Pan & Scan - Pan & Scan is one method of adjusting widescreen film images so that they can be shown within the proportions of a standard definition 4:3 aspect ratio television screen, often cropping off the sides of the original widescreen image to focus on the composition's most important aspects.

 


RM/RMVB - RM stands for Real Media. Real Media is one of the most popular formats for streaming content on the Internet, RealMedia includes the RealAudio codec for sound clips and RealVideo codec for movies. RealAudio and RealVideo files are often given the common RealMedia ".RM" file extension. RealMedia files are often heavily compressed so they can stream over dial-up Internet connections.



TP - TP is a file extension for an ATSC Tansport stream.Transport stream (TS, TP, MPEG-TS, or M2T) is a communications protocal for audio,video, and data which is specified in MPEG-2 Part 1, Systems (ISO/IEC standard 13818-1).Its design goal is to allow multiplexing of digital video and audio and to synchronize the output.
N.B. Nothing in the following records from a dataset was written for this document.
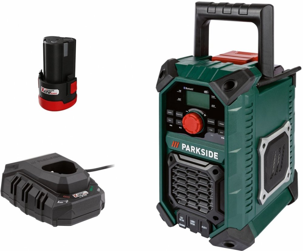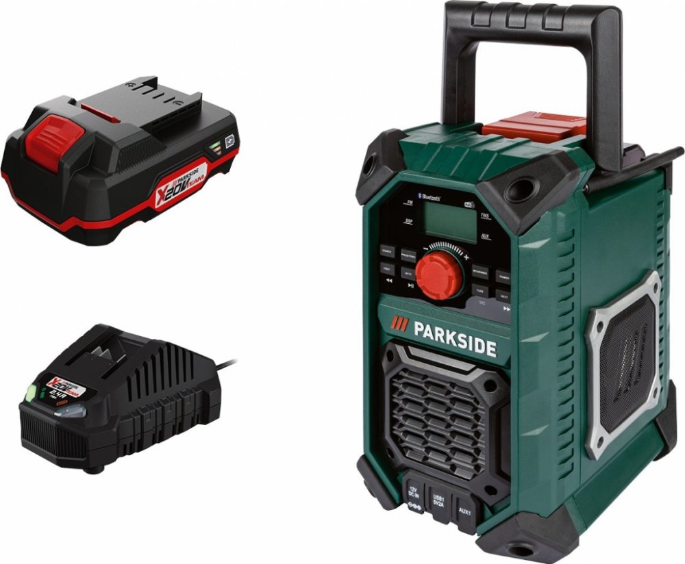 PARKSIDE® Aku stavební rádio PBRA 20-Li A1, 2 Ah Kompatibilní se všemi přístroji série „PARKSIDE X 20 V Team“ Sada se skládá z aku stavebního rádia PBRA 20-Li A1, akumulátoru 2 Ah PAP 20 B1 a nabíječky PLG 20 C1 Aku stavební rádio PBRA 20-Li A1 Ideální společník na stavbách, při kempování nebo v zahradě VKV stereo rádio pro příjem DAB, DAB+ a FM Možný také bezkabelový přenos hudby prostřednictvím Bluetooth® Kvalitní reproduktory s jasným a příjemným zvukem Automatické vyhledávání stanic a 30 paměťových míst Velký LCD displej s podsvícením pozadí a ukazatelem stavu nabití akumulátoru 2 USB výstupy k nabíjení např. mobilu nebo tabletu Přehrávání MP3 hudby je možné také prostřednictvím 2 AUX výstupů Ukazatel data a času Robustní tělo s pogumovanými hranami a držadlem Provoz možný prostřednictvím napájecího adaptéru nebo akumulátoru Výrobek kompatibilní se všemi akumulátory série „PARKSIDE X 20 V Team“ a „PARKSIDE X 12 V Team“ nebo provoz přes elektrickou zásuvku prostřednictvím napájecího adaptéru Záruka: 3 roky Akumulátor 2 Ah PAP 20 B1 Výkonný Li-Ion akumulátor s 3stupňovým indikátorem stavu nabití Cell Balancing – delší provozní doba a zvýšená životnost akumulátoru Vyšší výkon díky rovnoměrně využitým článkům Maximalizuje nabíjecí potenciál Záruka: 3 roky Nabíječka PLG 20 C1 Nabíječka s LED ukazatelem nabití a automatickým vypnutím nabíjení Protiskluzové gumové nožičky u nabíječky Možnost upevnění nabíječky na stěnu Záruka: 3 roky Technické údaje Aku stavební rádio PBRA 20-Li A1 Možnosti příjmu: DAB / DAB+ / FM Provozní doba při provozu na akumulátor: 12 V (2 Ah) cca 5 hod. / 12 V (4 Ah) cca 10 hod. / 20 V (2 Ah) cca 5 hod. / 20 V (4 Ah) cca 10 hod. Výkon reproduktoru: 2 x 5 W Bluetooth®: max. 10 m dosah USB vstupní a výstupní napětí: 5 V / 2 A Akumulátor 2 Ah PAP 20 B1 Typ: lithium-iontový Jmenovité napětí: max. 20 V Kapacita: 2 Ah Nabíječka PLG 20 C1 Příkon: 65 W Proud: 2,4 A Doba nabíjení: cca 60 min (při 20 V / 2 Ah) Délka kabelu: cca 1,5 m Rozměry Aku stavební rádio PBRA 20-Li A1: cca 22,4 x 17 x 40,7 cm Akumulátor 2 Ah PAP 20 B1: cca 12,7 x 5,2 x 8,4 cm Nabíječka PLG 20 C1: cca 14 x 9,1 x 6,7 cm Hmotnost Aku stavební rádio PBRA 20-Li A1: cca 2,57 kg Akumulátor 2 Ah PAP 20 B1: cca 440 g Nabíječka PLG 20 C1: cca 355 g
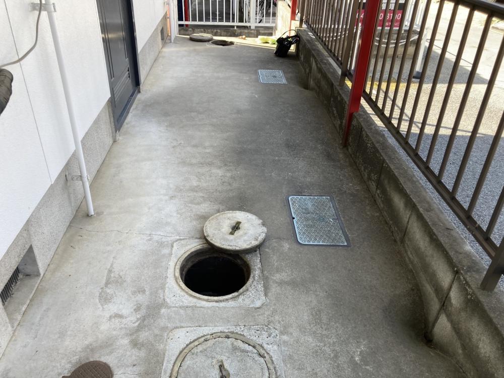 共用部の配管(排水管)に溜まった油汚れは、マンション等で詰まりの原因となるため、1〜2年に1度の高圧洗浄が必須です。
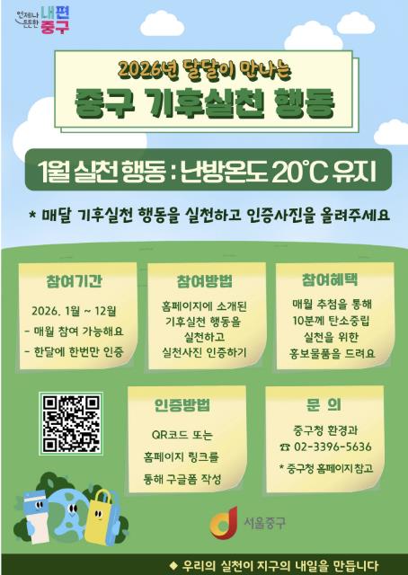 구 관계자는 “1월 미션을 시작으로 매달 이어지는 기후실천 행동이 주민들의일상 습관으로 자리잡길 바란다”며 “작은 실천이 모여 큰 변화를 만드는 만큼, 앞으로도 주민과 함께하는 생활 속 탄소중립 정책을 꾸준히 이어가겠다”고 말했다.

Transport stream offers features for error correction for transportation over unreliable media, and is used in broadcast applications such as DVB and ATSC.
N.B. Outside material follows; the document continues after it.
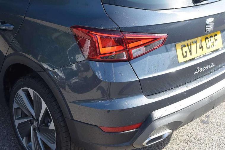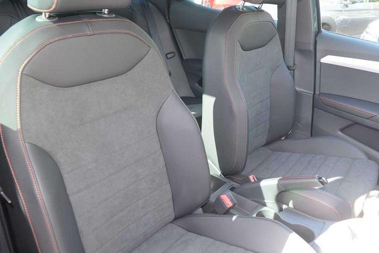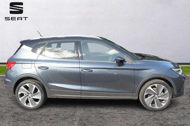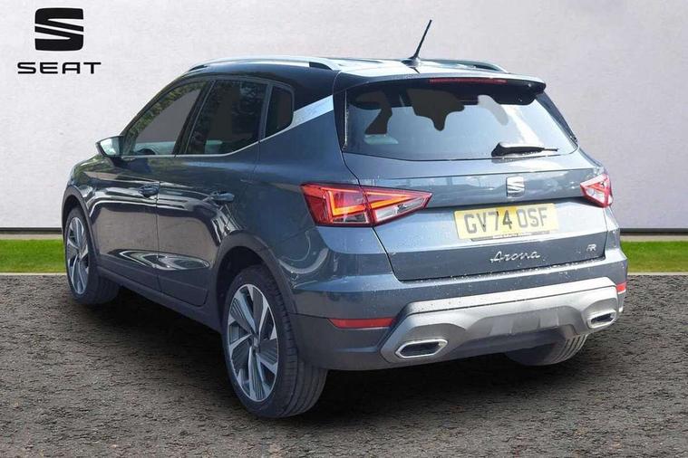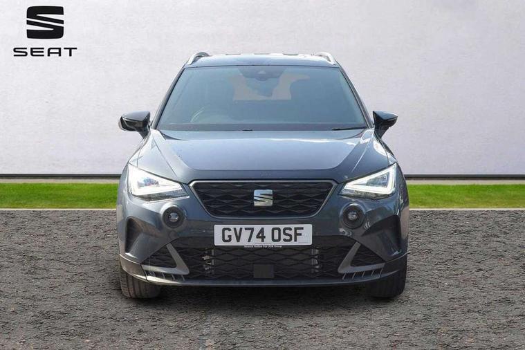 'Lights On' Reminder warning buzzer, 10" Digital cockpit, Digital clock, E-call, Electric speed sensitive power steering, Full link smartphone integration with mirror link, wireless apple carplay, Google android auto + USB Type C cable for apple and android devices, Lane keeping system, Low fuel warning light, Outside temperature display, RPM counter, SEAT Drive profile - Four different models normal-sport-eco-individual, steering response, throttle response, Trip computer, Wireless phone charger, 6 speakers, 9.2" colour touchscreen with navigation system, voice control and USB port (type c), Bluetooth interface for hands free and audio streaming, DAB digital radio and AM/FM radio, Steering wheel mounted audio controls, Anti theft roof antenna, Auto dimming interior rear view mirror, Automatic activation of hazard warning lights, Body coloured bumpers, Body coloured door handle inserts, Chrome roof rails and window surrounds, Dark tinted rear windows, Electric front/rear windows, Electrically adjustable, heated and folding door mirrors, Front fog lights with cornering function and rear fog light, FULL LED automatic headlights with dynamic headlight range control, coming and leaving home, LED daytime running lights, LED rear tail lights and licence plate lights, Protective side mouldings, Rain sensing wipers, Rear side wing doors, Rear spoiler, Rear window wash/wipe, Roof colour door mirrors, Third brake light, Twin exhaust pipe styling hidden exhaust pipe, Visible VIN plate, 2 cupholders, 3 seat bench in 2nd row, 60/40 split folding rear seat, Aircare filter, Black interior roof, Double boot floor, Driver sunvisor with covered mirror + card holder, Dual zone climate control, Front comfort seats, Front courtesy light with front reading lights, Front seat back storage pockets, Gear shift indicator, Heated front seats, Height adjustable front seats, Height/reach adjustable steering column, Illuminated air vent surrounds, Illuminated boot, Instrument lighting with brightness control, Interior ambient lighting, Interior light in footwell, central console and door panel, ISOFIX points in outer rear seats with top tether anchorage points, Microsuede cloth upholstery, Passenger sunvisor with vanity mirror, Perforated flat bottomed leather steering wheel/gear knob/handbrake with red stitching and FR logo, Potentiometer, Single front passenger seat, Two front and three rear height adjustable headrests, Interior chrome pack - Arona, Safe and driving pack (S) - Arona, 3 point seatbelts on all rear seats, ABS, Active front headrests, Child locks on rear doors, Driver and front passenger airbags with front passenger airbag de activation, front side and curtain airbags, Emergency Brake Assist (EBA) and front assist, Front and rear seatbelt reminder, Hill hold control, Multi-Collision braking, Tiredness recognition system, Traction control, Tyre pressure monitoring system, Alarm with back up horn with tow away protection, Deadlock, Electronic engine immobiliser, Locking wheel bolts, Remote central locking, Titan black dashboard, 18" Performance Cosmo grey matt alloy wheels,

TRP - TRP format is a container format that encapsulates packetized elementary streams and other data.


TS - A kind of MPEG Transport stream which is a communications protocol for audio,video, and data which is specified in MPEG-2 Part 1, Systems (ISO/IEC standard 13818-1).Its design goal is to allow multiplexing of digital video and audio and to synchronize the output.TS format is a container format that encapsulates packetized elementary streams and other data.



VOB - All DVD movies are stored in on a DVD video disc in so-called VOB files. VOB files usually contain multiplexed Dolby Digital audio and MPEG-2 video. VOB files on a DVD are numbered as follows: vts_XX_y.vob where XX represents the title and Y the part of the title. There can be 99 titles and 10 parts, although vts_XX_0.vob does not contain any video, usually just menu or navigational information. You can find them on a DVD video disc in a subdirectory labeled VIDEO_TS (all upper case).
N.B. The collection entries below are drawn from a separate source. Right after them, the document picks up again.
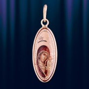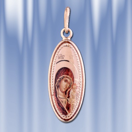 русского золота 585°. На основании подвески гравировано изображение Божией Матери с Младенцем Иисусом. Высота с ушком пр.30 мм. Ширина: 10 мм.
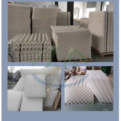 蜂窩斜管采用改性乙丙共聚塑料為材料,紅外線恒溫機械熱拉成六角管狀,然后采用專利技術,高頻焊接成整體產品,到客戶現場安裝。蜂窩斜管主要用于各種沉淀和除砂作用。是近十年來在給排水工程中采用最廣泛而且成為一項水處理裝置。它適用范圍廣,處理效果高,占地面積小等優點。適用于進水口除砂,一般工業和生活給水沉淀、污水沉淀、隔油以及尾張濃縮等處理,即適用于新建工程,又適用于現有舊池的改造,均能取得良好的經濟效益。
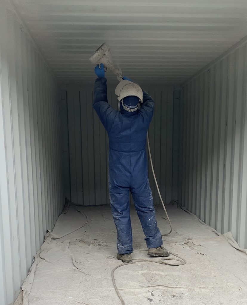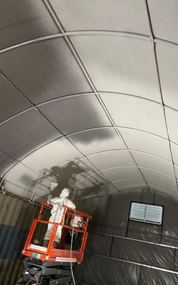 We spray Grafo-Therm anti condensation paint on shipping containers, warehouses, garages, self-storage containers, metal roofs, vans, trailers and more.
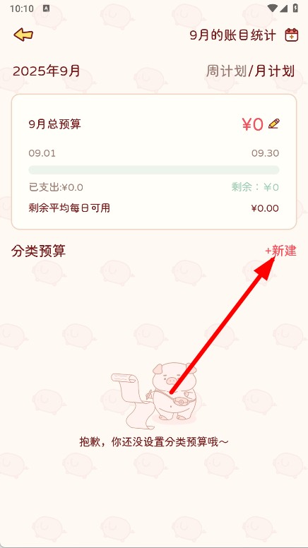 3、在賬目統(tǒng)計(jì)頁面點(diǎn)擊+新建,進(jìn)入設(shè)置分類預(yù)算頁面。
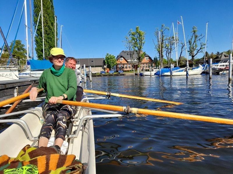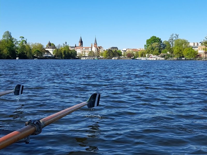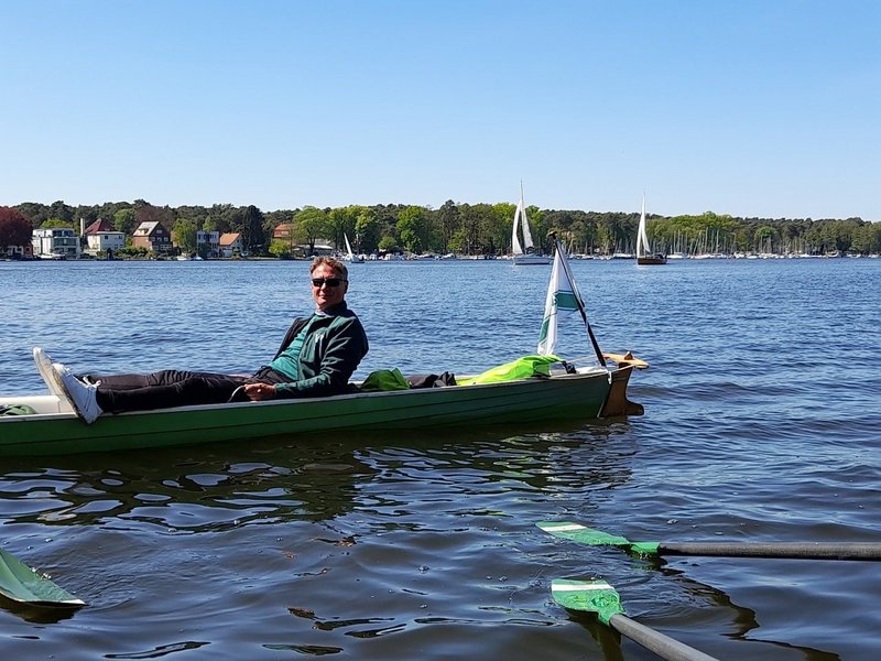 Sonntagvormittag konnten wir an der Regattastrecke Grünau einige Rennen der Berliner Früh-Regatta verfolgen und legten einen Zwischenstopp beim Schmetterlingshorst ein. Am Seddinsee wählten wir dann eine andere Route als auf dem Hinweg. Beim Anglerheim Wernsdorf war ein Tisch für uns reserviert und so konnten wir auf der Terrasse am Krossinsee das Mittagessen genießen.Am späten Nachmittag erreichten wir unser Bootshaus und hatten bei strahlend blauem Himmel und Sonnenschein insgesamt knapp 60 Kilometer zurückgelegt.

WAV - (WAVE), short for Waveform audio format, is a Microsoft and IBM audio file format standard for storing audio on PCs. It is the main format used on Windows systems for raw audio. The most common WAV format contains uncompressed audio and uncompressed WAV files are quite large in size, so, it has declined in popularity. WAV files are probably the simplest of the common formats for storing audio samples. Unlike MPEG audio and other compressed formats, WAVs store samples "in the raw" where no pre-processing is required other that formatting of the data. The WAV file itself consists of three "chunks" of information: The RIFF chunk which identifies the file as a WAV file, The FORMAT chunk which identifies parameters such as sample rate and the DATA chunk which contains the actual data (samples).


WMA - (Windows Media Audio) is an audio data compression technology developed by Microsoft. It can be played by Windows Media player, RealPlayer, Winamp, Windows Movie Maker, and the Microsoft Zune media management software supports most WMA codec. Its audio quality is better than mp3 when the bitstream is below 128kbps, but won't get much improvement when the bitstream gets higher.


WMV - Windows Media file with Audio and/or Video (WMV): You can use a WMV file either to download and play files or to stream content. The WMV file format is similar to the ASF file format.


XviD - is an ISO MPEG-4 compliant video codec. It's not a product but an open source project which is developed and maintained by people around the world.